→ **Records contained in a dataset**:
=== Section Start ===

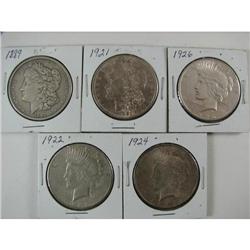 5 Coin Asst US Morgan/Peace Dollars, Asst Dates/Grades 1889 - 1921 - 1922 - 1924 - 1926
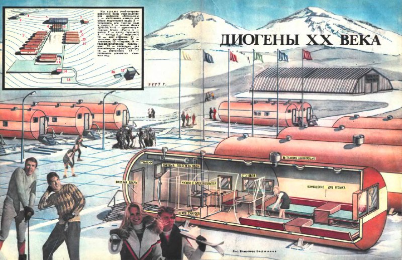 В таких жилищах было все необходимое для жизни. Спальные зоны, столовая, кухня с электроплитой, сухой санузел, система подогрева воды и входной тамбур, отгороженный от остального пространства, чтобы холод снаружи не проникал внутрь жилого помещения.
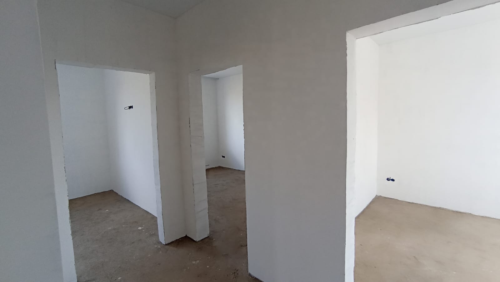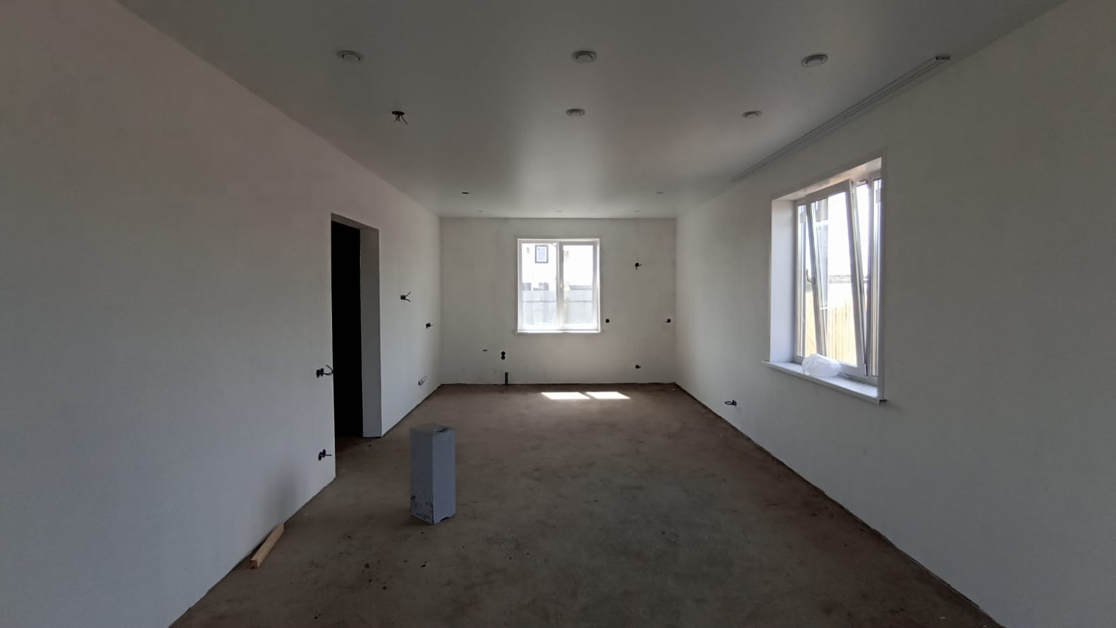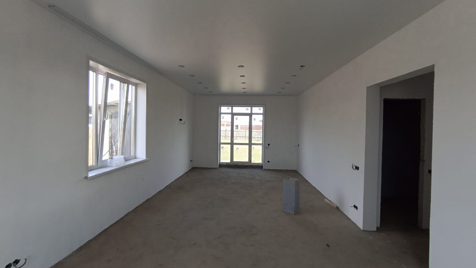 Внутренняя отделка - получистовая: пол бетонный ровный под финишное покрытие, стены отштукатурены и отшпаклеваны - под финишное покрытие. Потолки - натяжные.
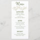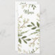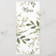 Fügen Sie die Greenery Wedding Menu Card für die Blätter des Waldes zu Ihrem Hochzeitstag Empfang Dining Zubehör hinzu. Entworfen mit weichen Blätter und Ästen in hellen und dunklen Farbtönen von Sommergrün auf weißem Hintergrund. Um Ihre persönlichen Wünsche zu erfüllen, legen Sie einfach Ihre Menüdetails in unsere Vorlage ein und ersetzen den Beispieltext. Es ist schnell und einfach.
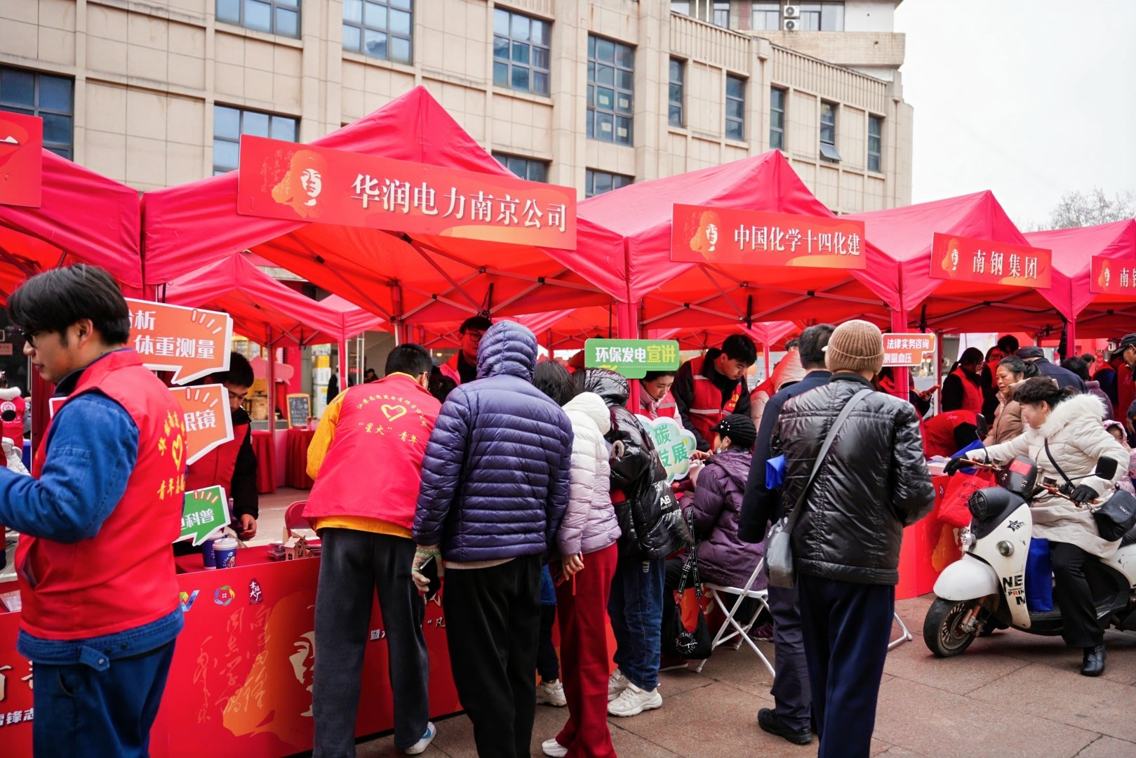 活动现场,扬子石化、南化公司、南钢集团、十四化建、华润电力南京公司、华能南京电厂、扬子工程公司、扬子信息公司、南京江北医院等各企事业单位也带来了实实在在的志愿服务项目。义诊台前,医生们耐心地为老人测量血压、解答健康疑惑,眼神里满是关切;理发摊旁,志愿者手中的剪刀上下翻飞,为居民理出清爽精干的新发型;还有法律咨询、磨刀修伞、亲子手工等摊位……处处洋溢着互助的暖流。这些看似平常的服务,正是企业力量融入基层治理、产业资源反哺社区生活的生动缩影。
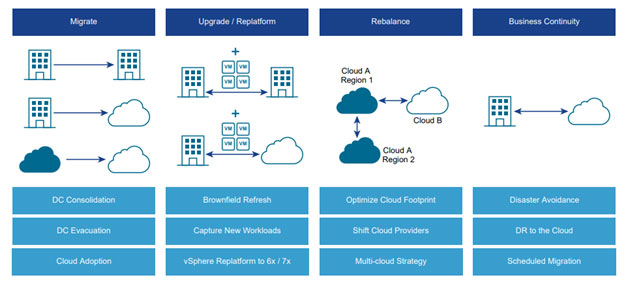 Workload rebalancing: HCX provides a multi-cloud mobility platform across cloud regions and cloud providers to allow customers to move applications and workloads at any time to meet scale, cost management, compliance, and vendor neutrality goals.
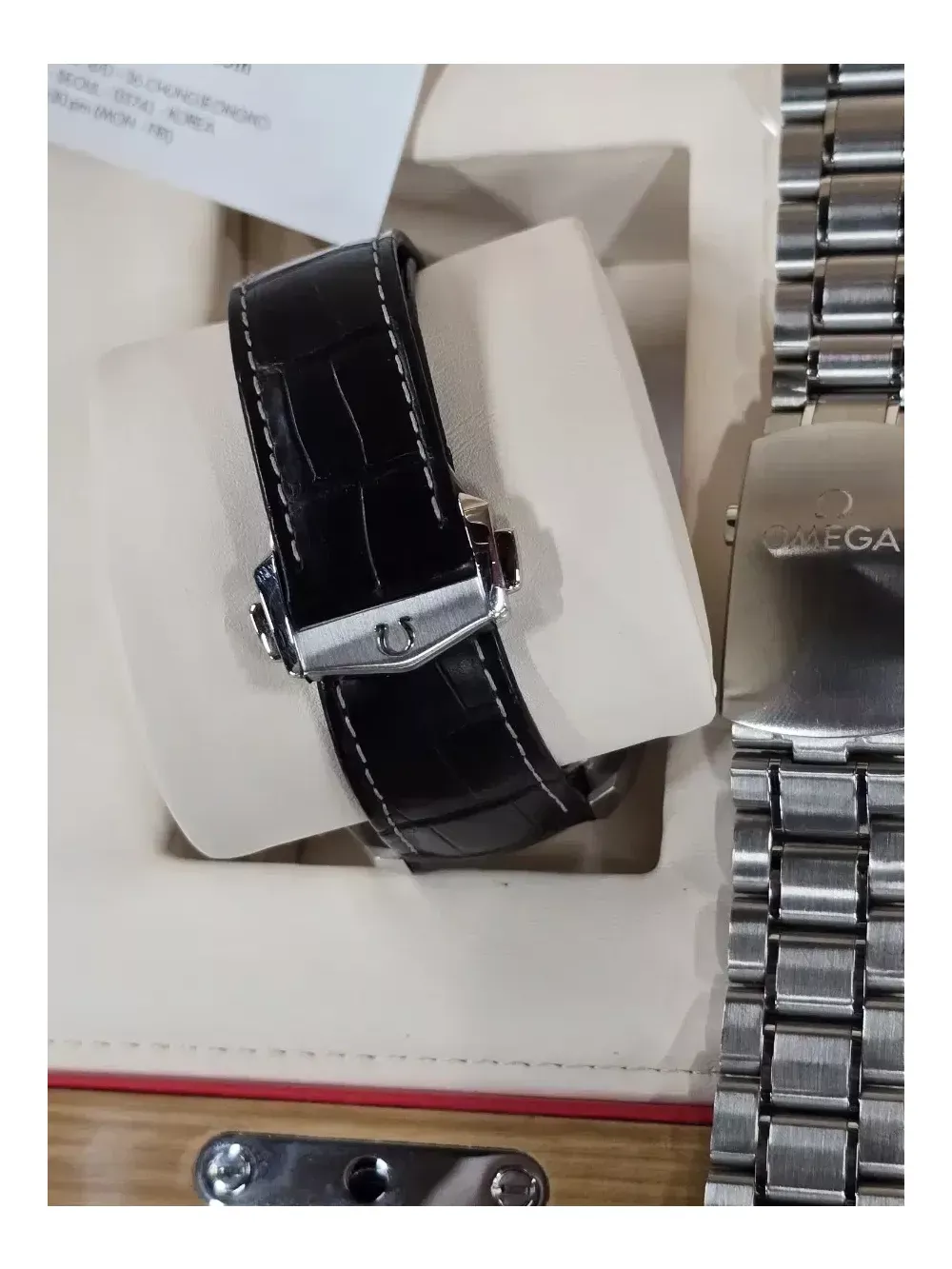 22년5월 국내백화점 스템핑 박스풀셋입니다 리테일가1670 브레이슬릿본품+100만원상당 악어가죽스트랩디버클 포함입니다 보증기간 27년5월로 아직 3년가까이 남아있습니다 풀코에 박스풀셋이며 브레이슬릿은 거의새거라고보시면됩니다 브레이슬릿도 줄조정기능이 신씨마랑동일합니다 오메가의 기함급 모델답게 세라믹베젤.리퀴드메탈 나사에서직접촬영한달모양까지 기능도많고 신경도 많이쓴 오메가의 기함모델입니다 서울 직거래 가능합니다 교환은+추가금받는쪽으로만가능합니다 드리는건불가능합니다 판매가격 일괄 870입니다 네고는 불가합니다
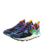 Deportivas de la marca japonesa Flower Mountain. Modelo Yamano 3. Combinación de hilo en lana multicolor sobre fondo negro. Cordones redondos estilo trekking color morado. Plantilla antibacteriana de corcho natural y suela de goma ultraligera dentada en reciclaje beige con pintadas en negro .
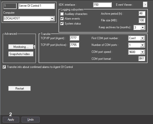 - To save the changes, click the Apply button (2) on the settings panel of the Server Of Control object.
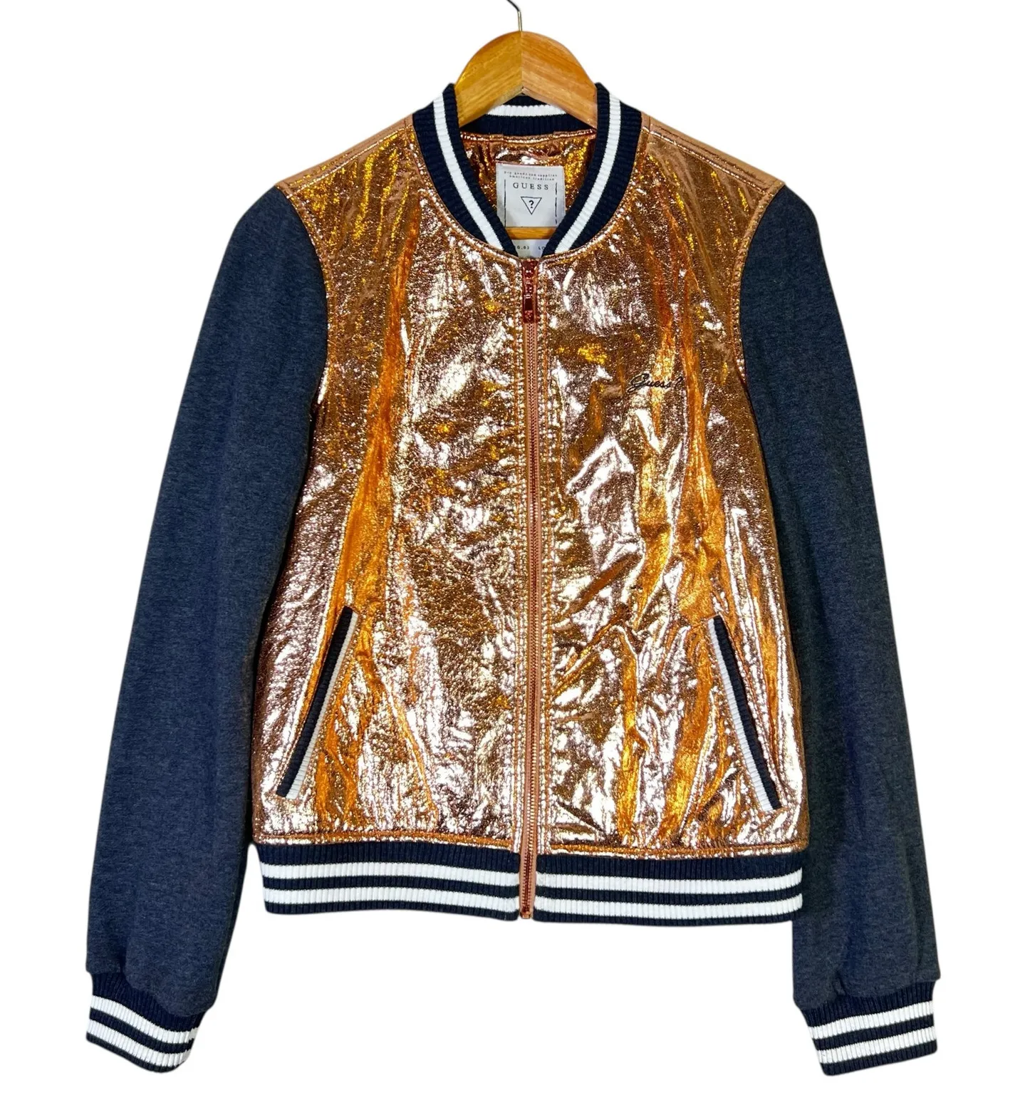 Shiny metallic front panels Gold foil finish Ribbed striped trim Varsity bomber style Zip closure Si... Show more

=== Section End ===

→ **TASK DIRECTIONS**:
Pictures in the entries do not go into the copy. Print only the lines starting at the one containing "Workload rebalancing: HCX" and ending at the one containing "22년5월 국내백화점 스템핑", exactly as they appear.

→ **TASK ANSWER**:
 Workload rebalancing: HCX provides a multi-cloud mobility platform across cloud regions and cloud providers to allow customers to move applications and workloads at any time to meet scale, cost management, compliance, and vendor neutrality goals.
 22년5월 국내백화점 스템핑 박스풀셋입니다 리테일가1670 브레이슬릿본품+100만원상당 악어가죽스트랩디버클 포함입니다 보증기간 27년5월로 아직 3년가까이 남아있습니다 풀코에 박스풀셋이며 브레이슬릿은 거의새거라고보시면됩니다 브레이슬릿도 줄조정기능이 신씨마랑동일합니다 오메가의 기함급 모델답게 세라믹베젤.리퀴드메탈 나사에서직접촬영한달모양까지 기능도많고 신경도 많이쓴 오메가의 기함모델입니다 서울 직거래 가능합니다 교환은+추가금받는쪽으로만가능합니다 드리는건불가능합니다 판매가격 일괄 870입니다 네고는 불가합니다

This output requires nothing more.